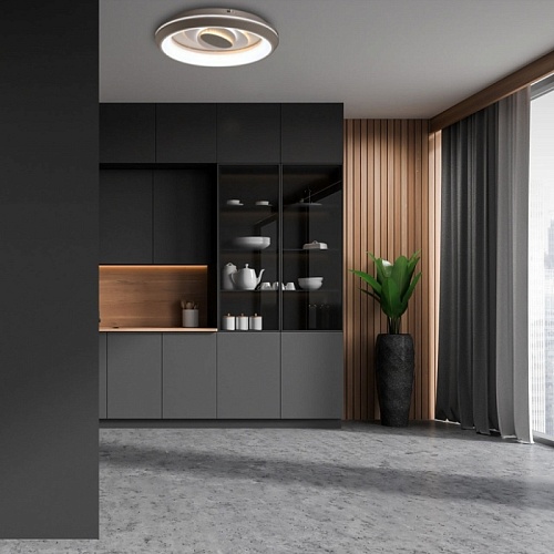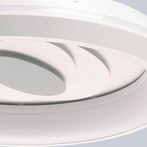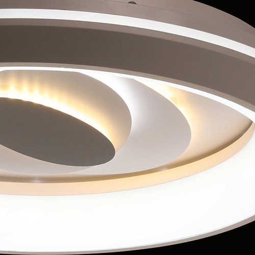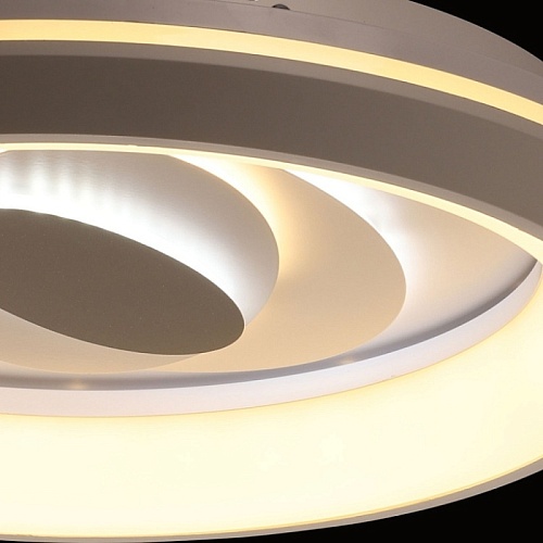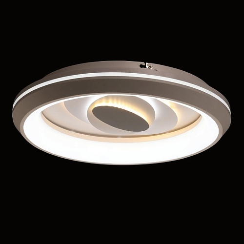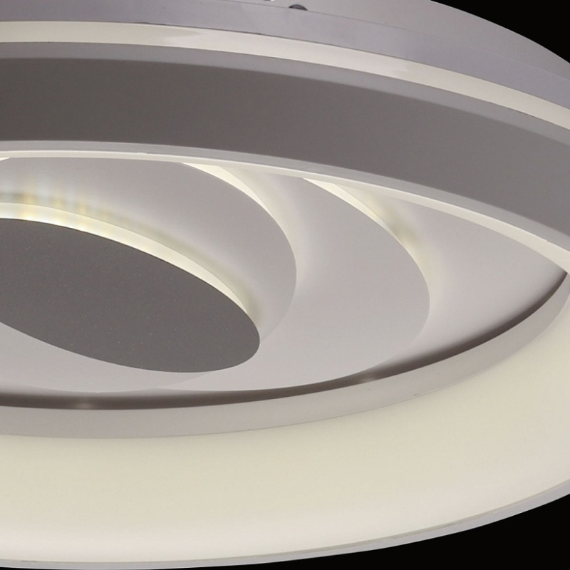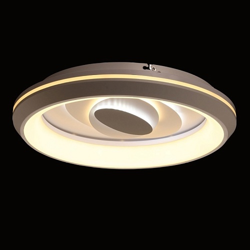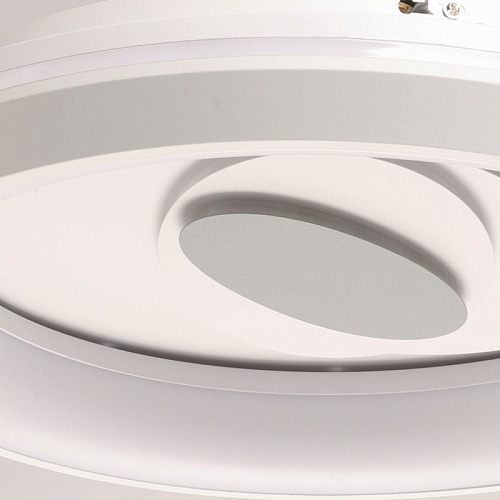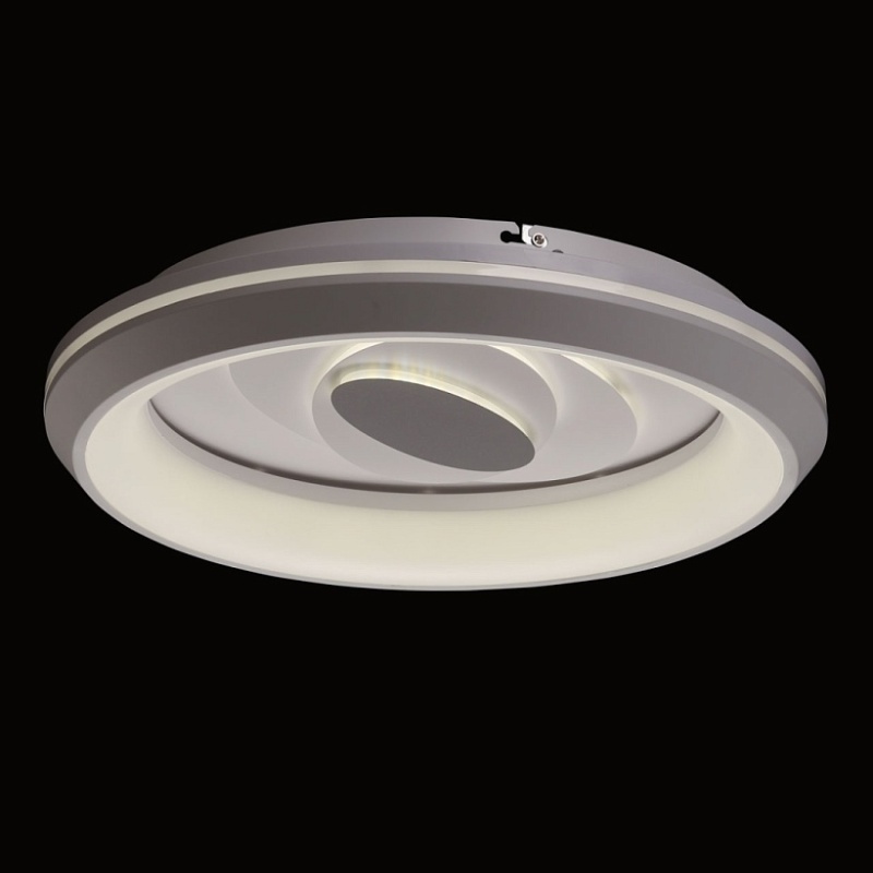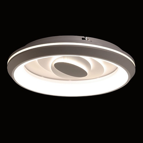 Металлическое основание потолочной люстры окрашено в белый цвет. Декоративный металлический элемент в центре окрашен в серый цвет. Светодиодные источники света закрыты белым матовым акрилом.
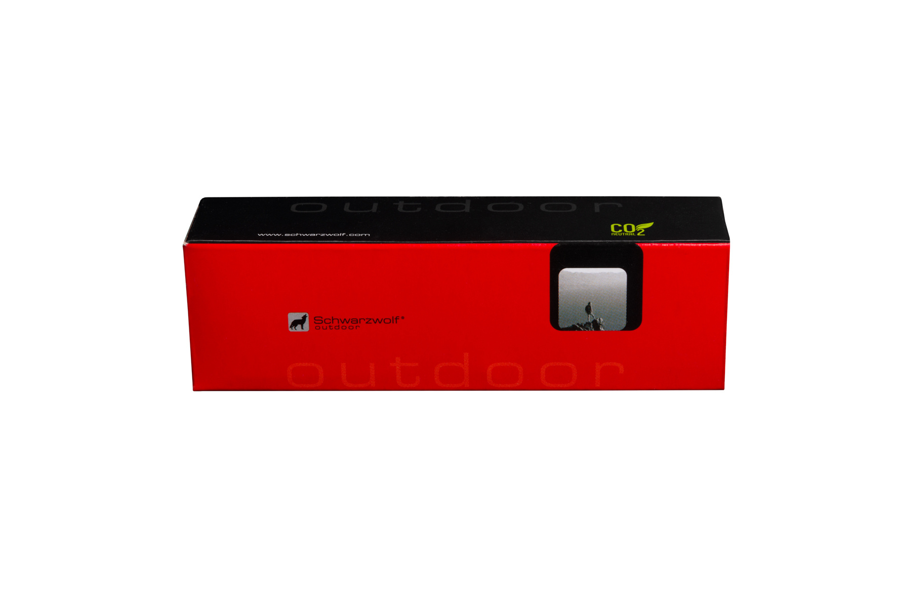 Monikäyttöinen Schwarzwolf taskuveitsi. Sisältää 9 työkalua – veitsi, sakset, saha, korkkiruuvi, pullonavaaja, tölkinavaaja, litteä ruuvimeisseli, ristipääruuvimeisseli ja karbiinihaka. Veitsen kahva on toiselta puolelta moderni uritettu ja toiselta puolelta sileä pinta logotulostusta varten.
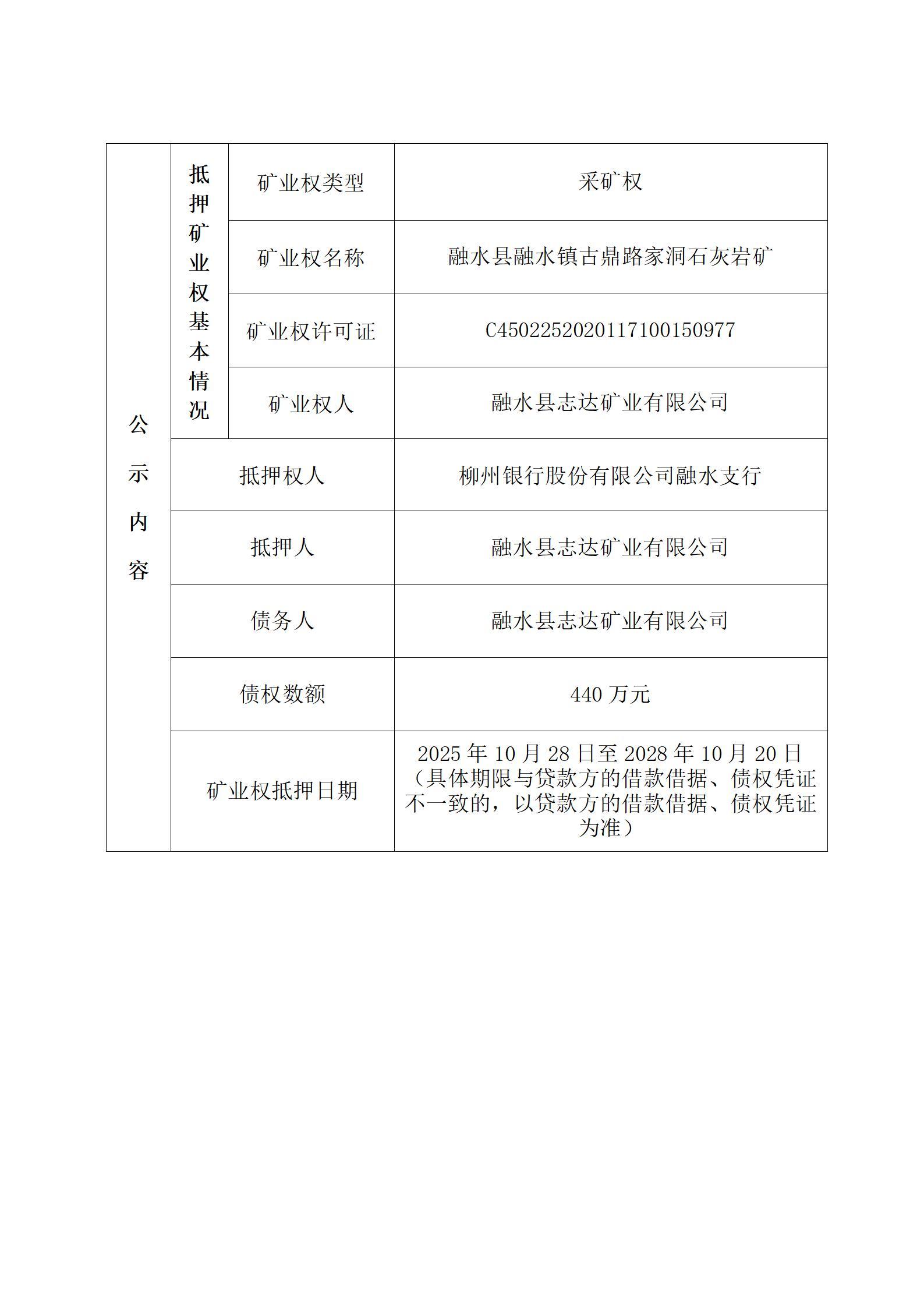 融水县融水镇古鼎路家洞石灰岩矿矿业权抵押信息公示
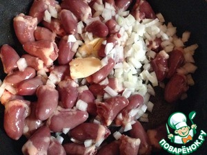 • Очищаем лук и режем его некрупно, разогреваем сковородку, немного добавляем сливочного масла. Обжариваем сердечки и лук вместе
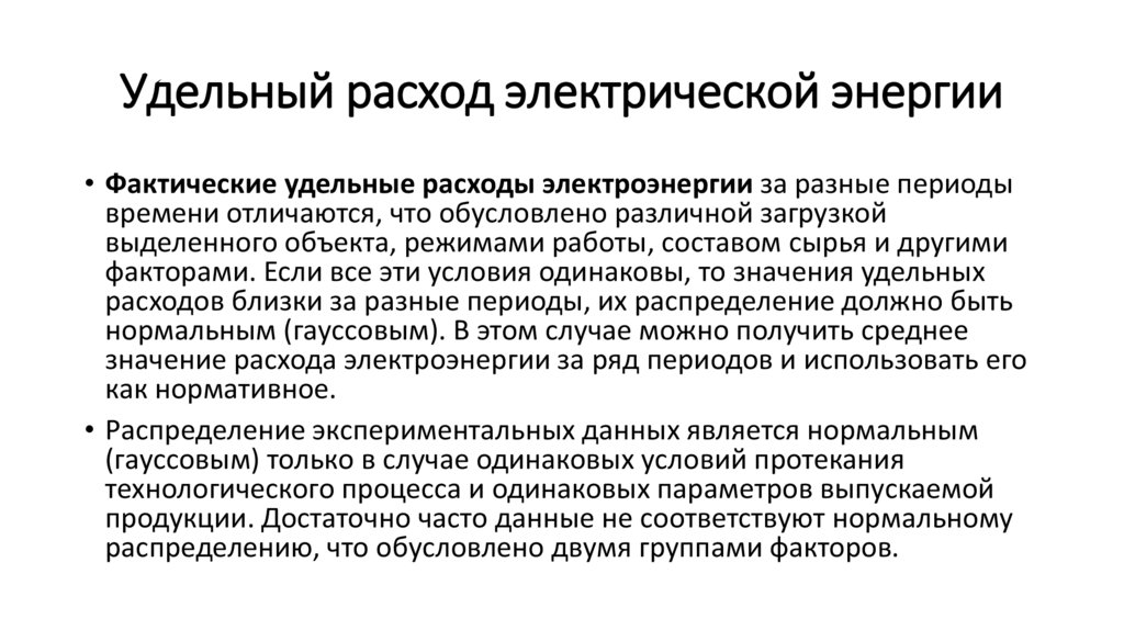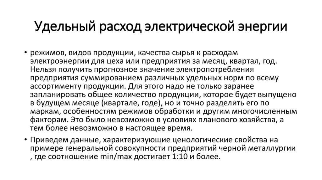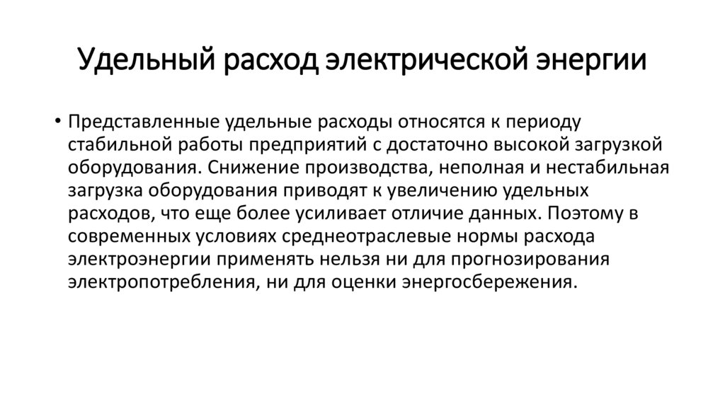 • Предпочтительнее рассчитывать удельные расходы электроэнергии в
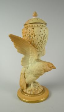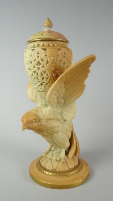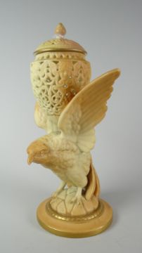 A Royal Worcester blush ivory and gilt eagle pot pourri with reticulated bowl and cover, 22cms high, model G11
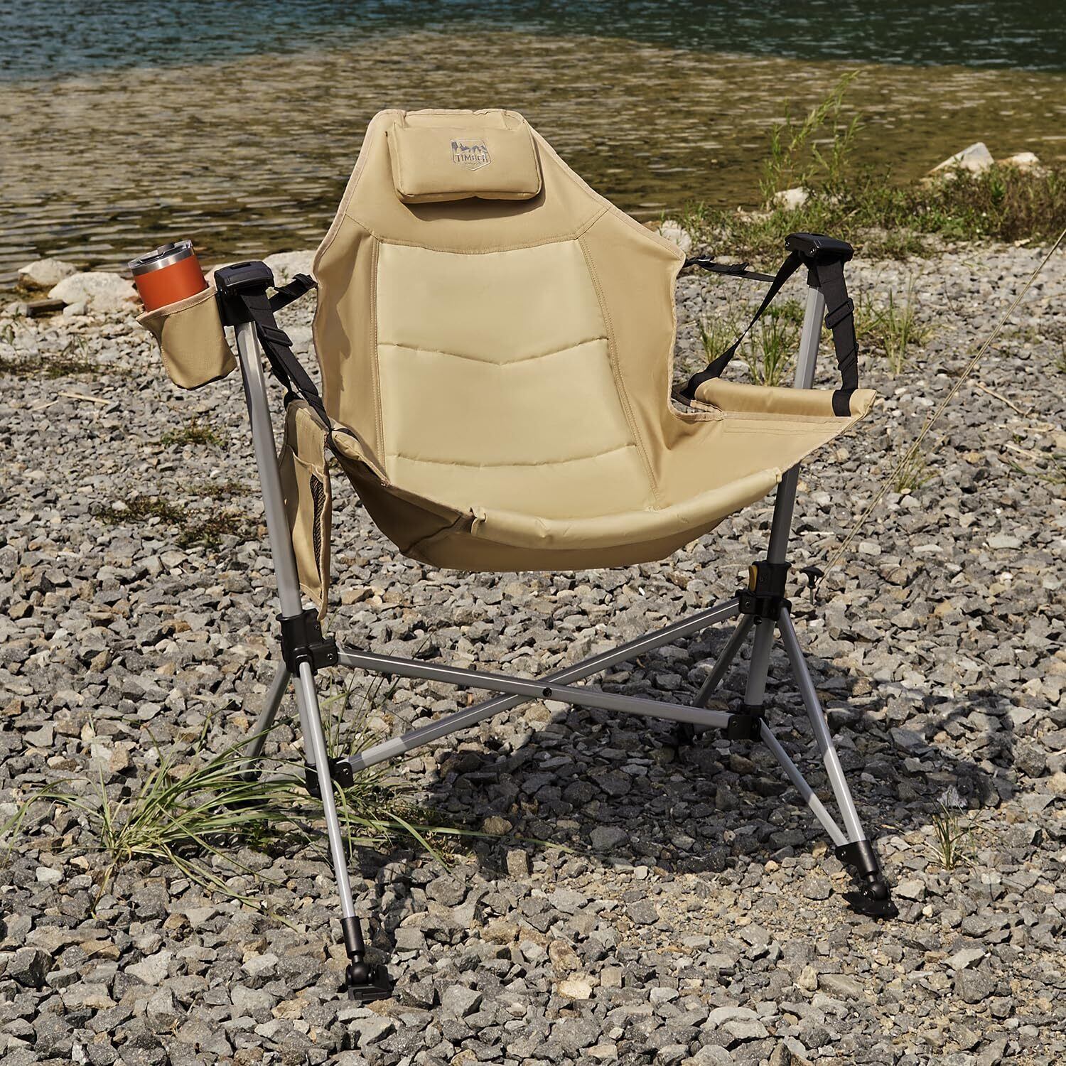 TIMBER RIDGE ハンモックチェア アウトドア チェア リクライニング 耐荷重180kg オートロック機能 ゆらゆら 自立式 折りたたみ ロッキングチェア キャンプ 屋外 室内 バーベキュー
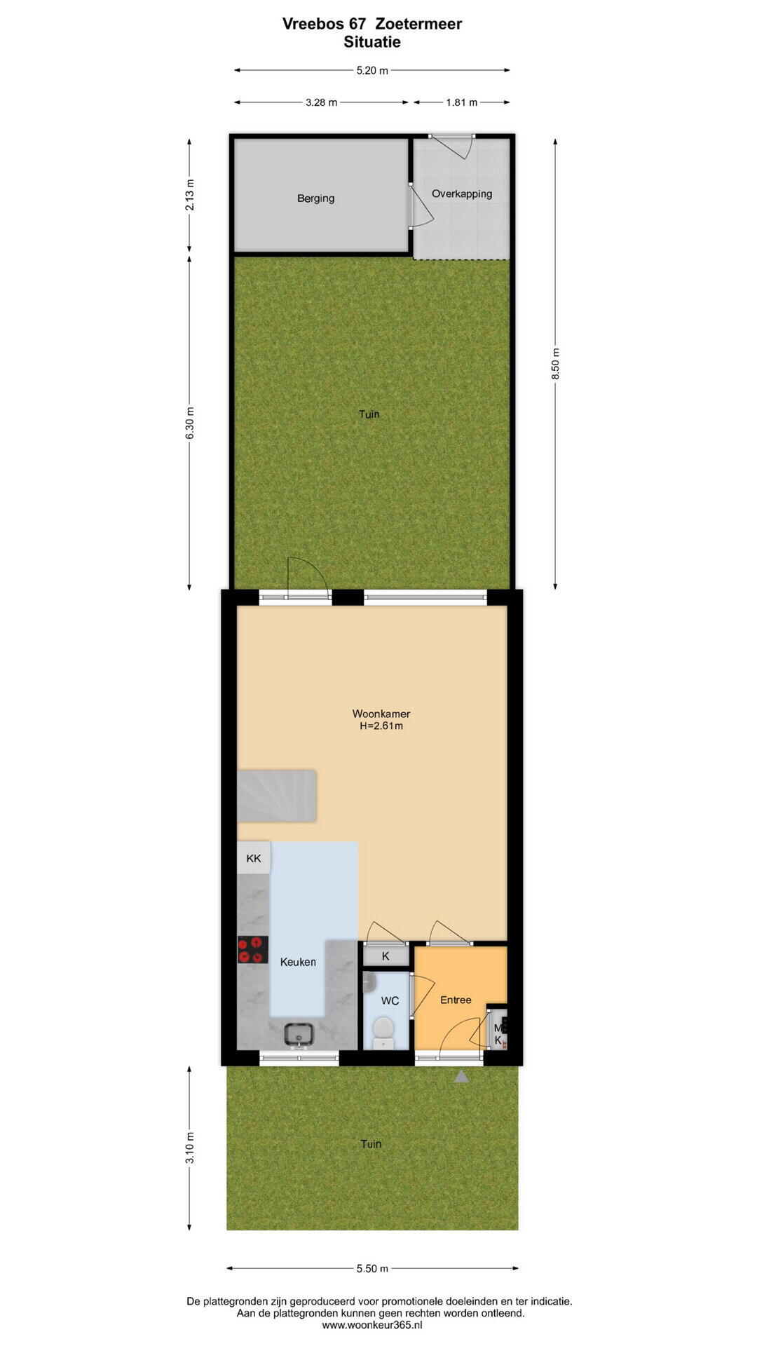- 44 m² (8.5 meter diep en 5.2 meter breed)
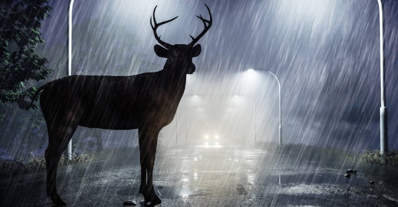 Hirsch auf der Straße bei schlechter Sicht ©AdobeStock
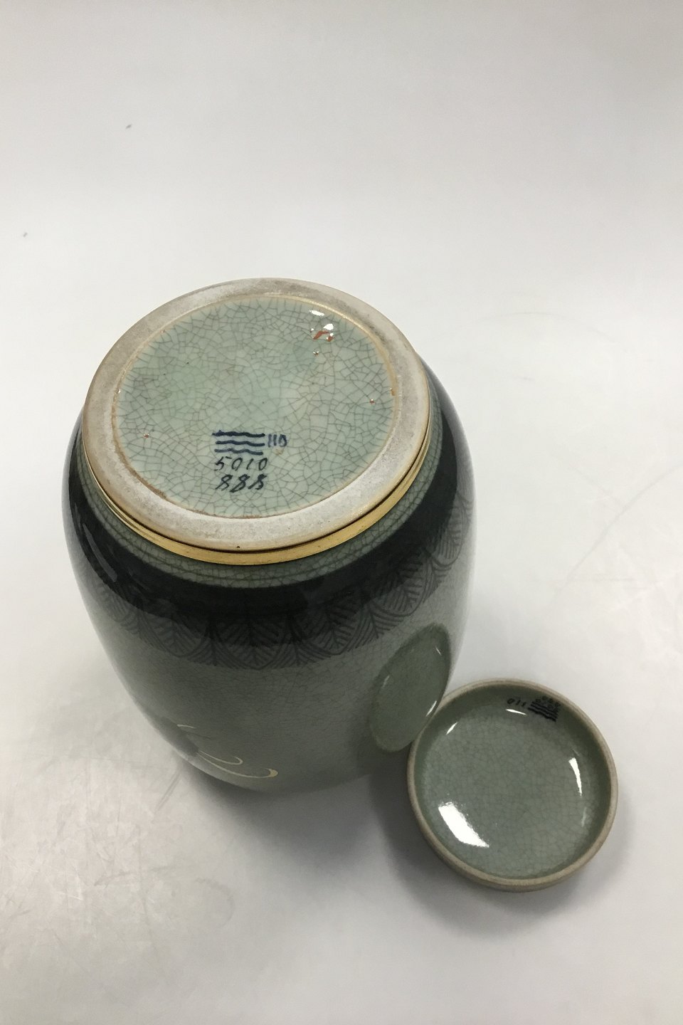 Royal Copenhagen Green Cracle Glaze Lidded Vase/Urn with Flower decoration with Gold No 5010/888 . Measures 23,5 cm / 9 1/4 in.
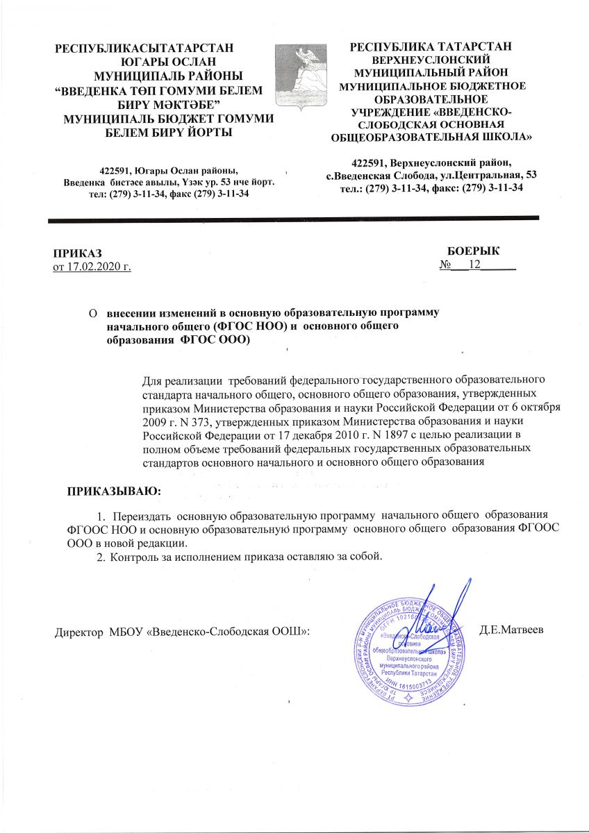 Приказ о внесении изменений в основную образовательную программу

__________________________________________________

[Work item]: What you return must match each record exactly and contain no images.

[Your response]:
 Металлическое основание потолочной люстры окрашено в белый цвет. Декоративный металлический элемент в центре окрашен в серый цвет. Светодиодные источники света закрыты белым матовым акрилом.
 Monikäyttöinen Schwarzwolf taskuveitsi. Sisältää 9 työkalua – veitsi, sakset, saha, korkkiruuvi, pullonavaaja, tölkinavaaja, litteä ruuvimeisseli, ristipääruuvimeisseli ja karbiinihaka. Veitsen kahva on toiselta puolelta moderni uritettu ja toiselta puolelta sileä pinta logotulostusta varten.
 融水县融水镇古鼎路家洞石灰岩矿矿业权抵押信息公示
 • Очищаем лук и режем его некрупно, разогреваем сковородку, немного добавляем сливочного масла. Обжариваем сердечки и лук вместе
 • Предпочтительнее рассчитывать удельные расходы электроэнергии в
 A Royal Worcester blush ivory and gilt eagle pot pourri with reticulated bowl and cover, 22cms high, model G11
 TIMBER RIDGE ハンモックチェア アウトドア チェア リクライニング 耐荷重180kg オートロック機能 ゆらゆら 自立式 折りたたみ ロッキングチェア キャンプ 屋外 室内 バーベキュー
- 44 m² (8.5 meter diep en 5.2 meter breed)
 Hirsch auf der Straße bei schlechter Sicht ©AdobeStock
 Royal Copenhagen Green Cracle Glaze Lidded Vase/Urn with Flower decoration with Gold No 5010/888 . Measures 23,5 cm / 9 1/4 in.
 Приказ о внесении изменений в основную образовательную программу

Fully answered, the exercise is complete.